- _Items from a data source_:
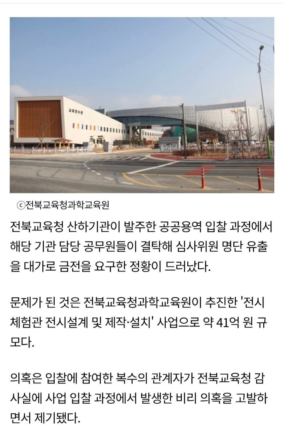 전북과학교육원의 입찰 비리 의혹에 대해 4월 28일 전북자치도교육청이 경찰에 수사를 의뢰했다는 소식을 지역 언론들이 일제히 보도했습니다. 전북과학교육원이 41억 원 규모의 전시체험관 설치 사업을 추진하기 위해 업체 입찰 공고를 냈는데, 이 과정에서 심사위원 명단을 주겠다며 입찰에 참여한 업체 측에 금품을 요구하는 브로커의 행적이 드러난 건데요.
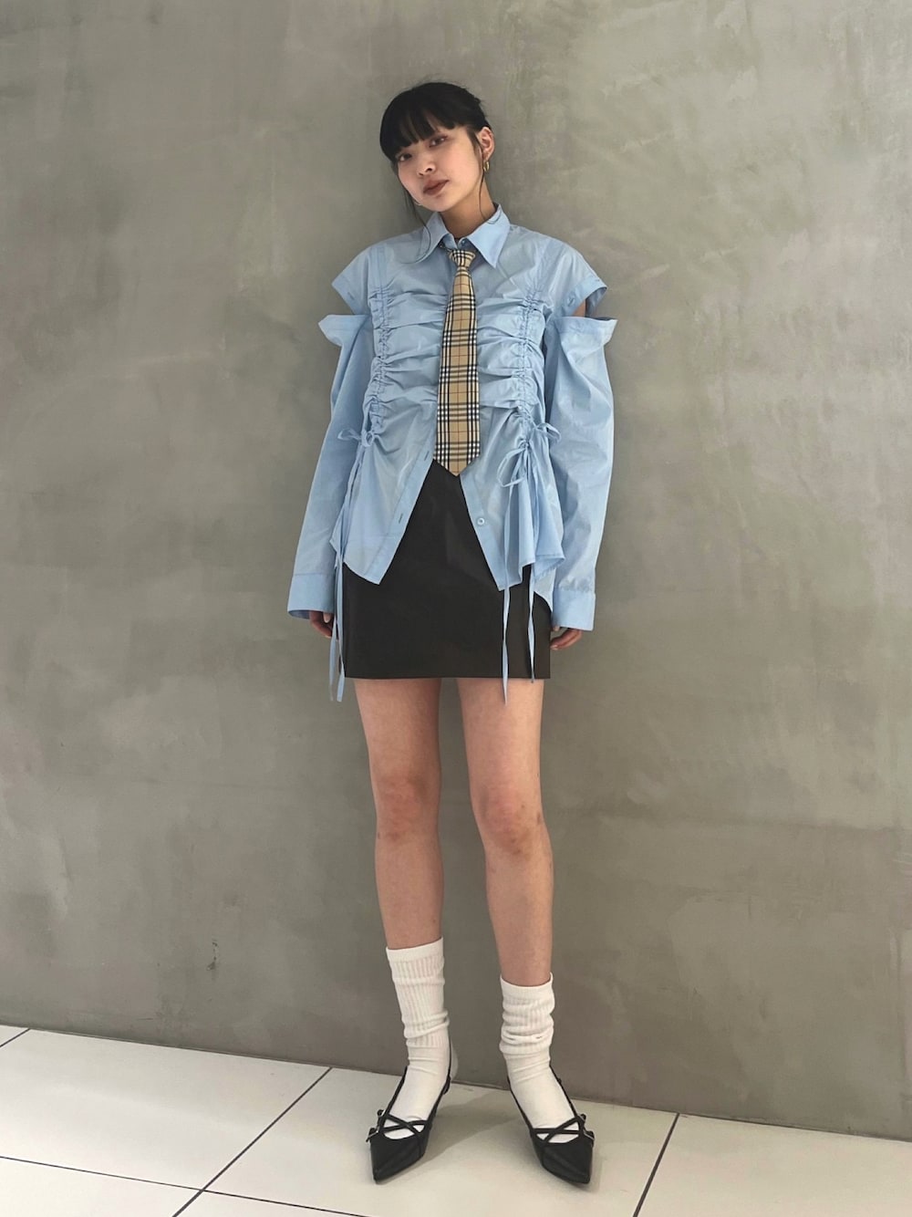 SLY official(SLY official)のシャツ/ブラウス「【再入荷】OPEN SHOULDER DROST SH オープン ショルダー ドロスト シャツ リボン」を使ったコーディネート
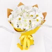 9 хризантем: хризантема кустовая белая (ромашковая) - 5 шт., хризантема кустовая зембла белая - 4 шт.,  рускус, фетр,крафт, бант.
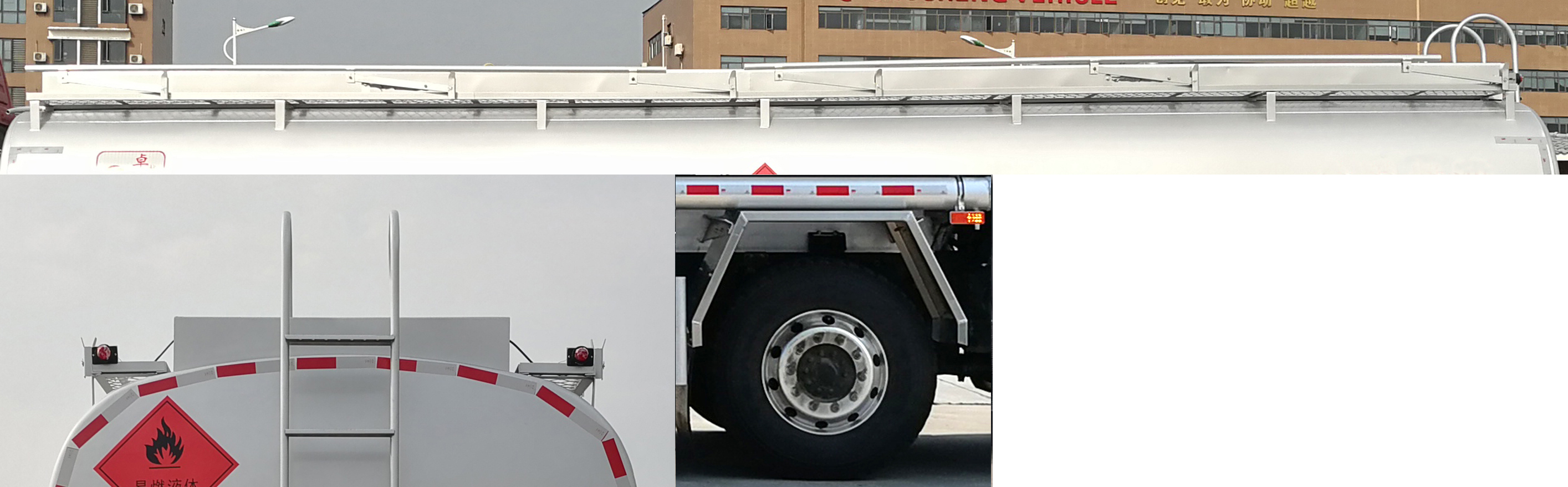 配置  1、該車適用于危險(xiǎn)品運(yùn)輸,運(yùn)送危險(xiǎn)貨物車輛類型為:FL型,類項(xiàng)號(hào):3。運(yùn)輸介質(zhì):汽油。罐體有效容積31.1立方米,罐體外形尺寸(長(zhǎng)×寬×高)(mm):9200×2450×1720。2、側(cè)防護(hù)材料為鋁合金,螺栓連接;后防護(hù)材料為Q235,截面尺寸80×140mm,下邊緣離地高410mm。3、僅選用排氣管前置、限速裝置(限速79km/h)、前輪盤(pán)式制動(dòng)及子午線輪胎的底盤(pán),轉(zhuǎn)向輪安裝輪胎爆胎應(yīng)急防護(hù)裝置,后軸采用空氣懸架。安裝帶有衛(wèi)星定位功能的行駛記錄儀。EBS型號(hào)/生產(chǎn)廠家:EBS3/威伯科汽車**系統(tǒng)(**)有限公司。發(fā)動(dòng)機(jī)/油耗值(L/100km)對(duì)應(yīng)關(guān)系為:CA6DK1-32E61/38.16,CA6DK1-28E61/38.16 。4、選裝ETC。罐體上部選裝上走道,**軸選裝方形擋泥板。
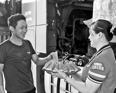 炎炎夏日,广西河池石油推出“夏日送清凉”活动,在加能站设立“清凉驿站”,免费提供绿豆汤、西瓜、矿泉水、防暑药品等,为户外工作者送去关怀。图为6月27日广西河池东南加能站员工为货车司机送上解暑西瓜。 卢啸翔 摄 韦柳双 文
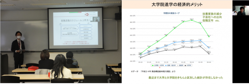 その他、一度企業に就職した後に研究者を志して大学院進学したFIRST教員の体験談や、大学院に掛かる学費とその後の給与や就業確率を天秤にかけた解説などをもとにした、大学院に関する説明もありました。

- _THE PROBLEM_: With the pictures left out, restate word for word every line of the data above, from the first down to the line that contains "9 хризантем: хризантема кустовая".

- _ANSWER SPACE_:
 전북과학교육원의 입찰 비리 의혹에 대해 4월 28일 전북자치도교육청이 경찰에 수사를 의뢰했다는 소식을 지역 언론들이 일제히 보도했습니다. 전북과학교육원이 41억 원 규모의 전시체험관 설치 사업을 추진하기 위해 업체 입찰 공고를 냈는데, 이 과정에서 심사위원 명단을 주겠다며 입찰에 참여한 업체 측에 금품을 요구하는 브로커의 행적이 드러난 건데요.
 SLY official(SLY official)のシャツ/ブラウス「【再入荷】OPEN SHOULDER DROST SH オープン ショルダー ドロスト シャツ リボン」を使ったコーディネート
 9 хризантем: хризантема кустовая белая (ромашковая) - 5 шт., хризантема кустовая зембла белая - 4 шт.,  рускус, фетр,крафт, бант.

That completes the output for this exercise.